- DATA LISTING
**********

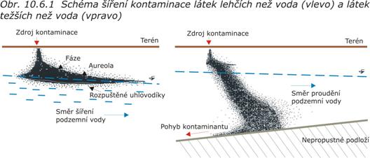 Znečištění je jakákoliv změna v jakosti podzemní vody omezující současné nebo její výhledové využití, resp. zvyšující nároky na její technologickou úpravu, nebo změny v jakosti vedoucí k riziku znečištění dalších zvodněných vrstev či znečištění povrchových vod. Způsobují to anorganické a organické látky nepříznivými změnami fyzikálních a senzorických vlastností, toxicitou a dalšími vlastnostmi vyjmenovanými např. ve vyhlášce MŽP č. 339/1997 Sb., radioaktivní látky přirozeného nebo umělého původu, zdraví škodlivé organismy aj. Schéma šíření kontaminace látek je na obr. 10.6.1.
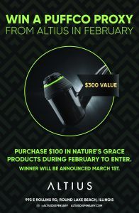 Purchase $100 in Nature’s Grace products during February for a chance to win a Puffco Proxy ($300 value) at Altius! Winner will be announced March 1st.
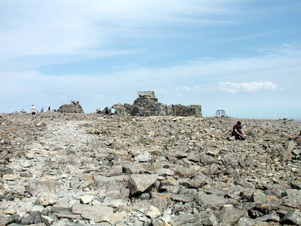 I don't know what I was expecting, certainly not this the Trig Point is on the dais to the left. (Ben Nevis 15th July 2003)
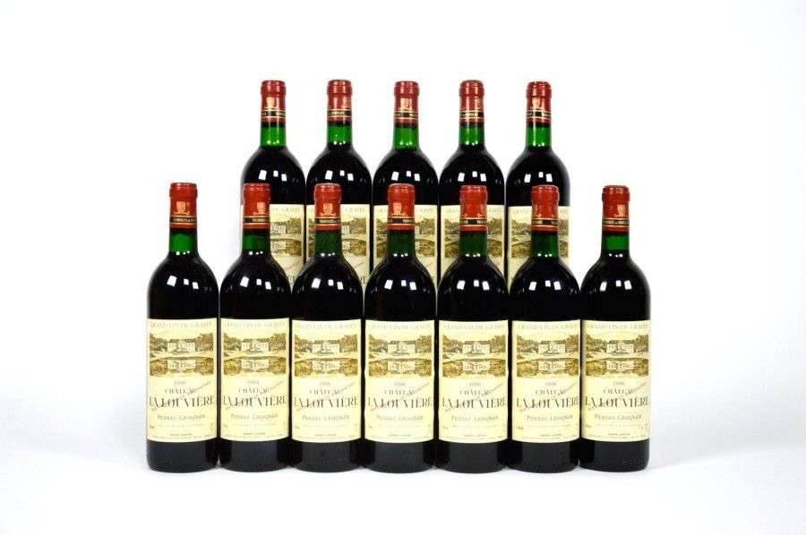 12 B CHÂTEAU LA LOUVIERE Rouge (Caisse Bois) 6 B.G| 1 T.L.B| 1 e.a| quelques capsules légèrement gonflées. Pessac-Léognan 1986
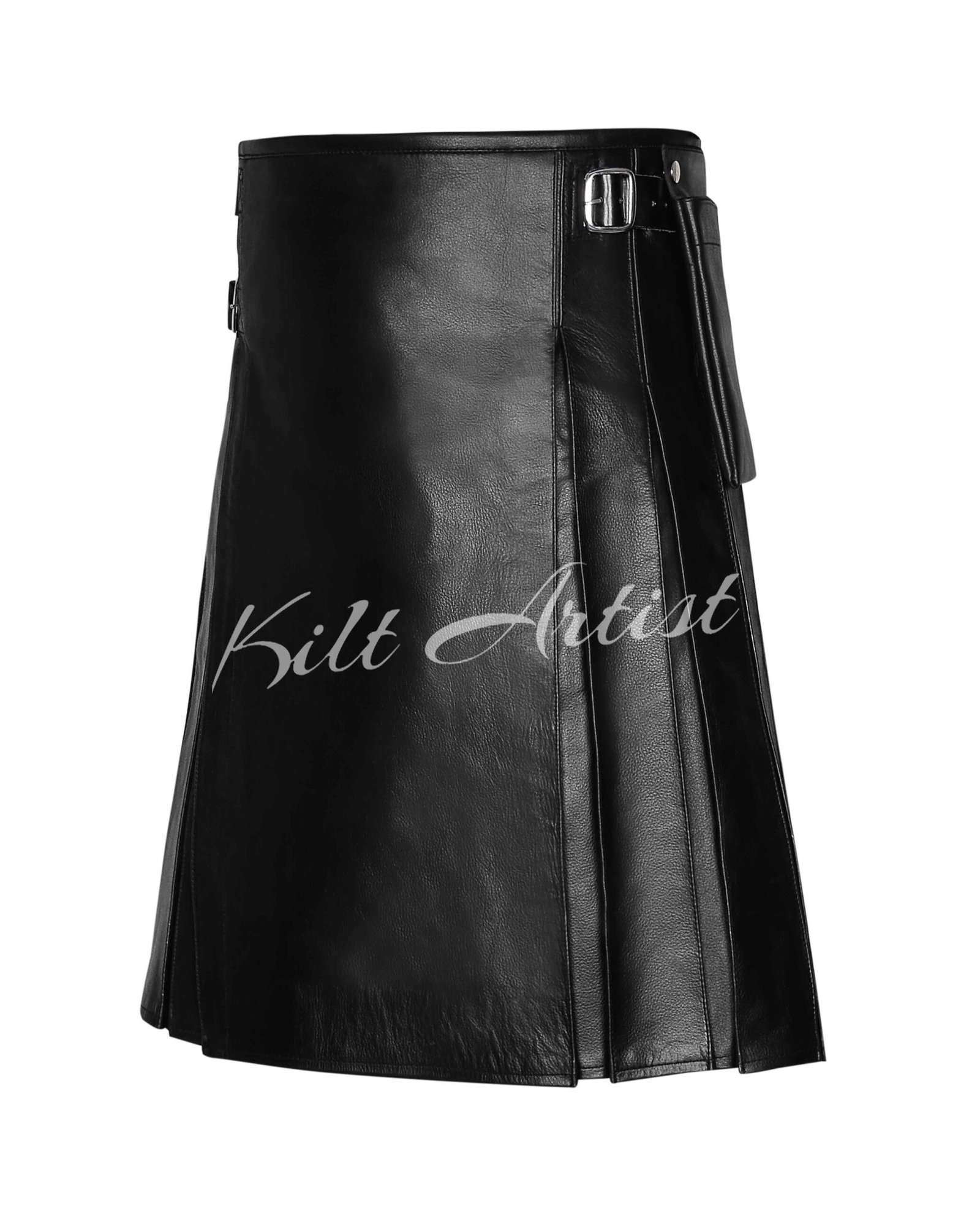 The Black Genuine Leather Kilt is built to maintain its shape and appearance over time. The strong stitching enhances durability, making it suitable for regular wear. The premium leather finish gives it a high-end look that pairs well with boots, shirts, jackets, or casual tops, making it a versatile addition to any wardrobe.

**********

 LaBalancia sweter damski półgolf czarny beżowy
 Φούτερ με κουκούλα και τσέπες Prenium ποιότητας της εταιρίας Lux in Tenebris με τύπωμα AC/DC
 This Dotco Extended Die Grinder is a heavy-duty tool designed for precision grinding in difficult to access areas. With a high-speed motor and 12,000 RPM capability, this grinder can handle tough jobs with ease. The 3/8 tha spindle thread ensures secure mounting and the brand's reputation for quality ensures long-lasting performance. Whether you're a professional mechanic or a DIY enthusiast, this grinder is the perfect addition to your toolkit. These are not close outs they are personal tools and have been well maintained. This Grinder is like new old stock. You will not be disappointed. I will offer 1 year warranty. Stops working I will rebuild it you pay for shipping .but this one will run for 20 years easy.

**********

- WHAT IS EXPECTED
Your answer should be the exact lines above from the one containing "12 B CHÂTEAU" through the one containing "The Black Genuine", with both end lines kept and the pictures removed, please.

- EXERCISE ANSWER
 12 B CHÂTEAU LA LOUVIERE Rouge (Caisse Bois) 6 B.G| 1 T.L.B| 1 e.a| quelques capsules légèrement gonflées. Pessac-Léognan 1986
 The Black Genuine Leather Kilt is built to maintain its shape and appearance over time. The strong stitching enhances durability, making it suitable for regular wear. The premium leather finish gives it a high-end look that pairs well with boots, shirts, jackets, or casual tops, making it a versatile addition to any wardrobe.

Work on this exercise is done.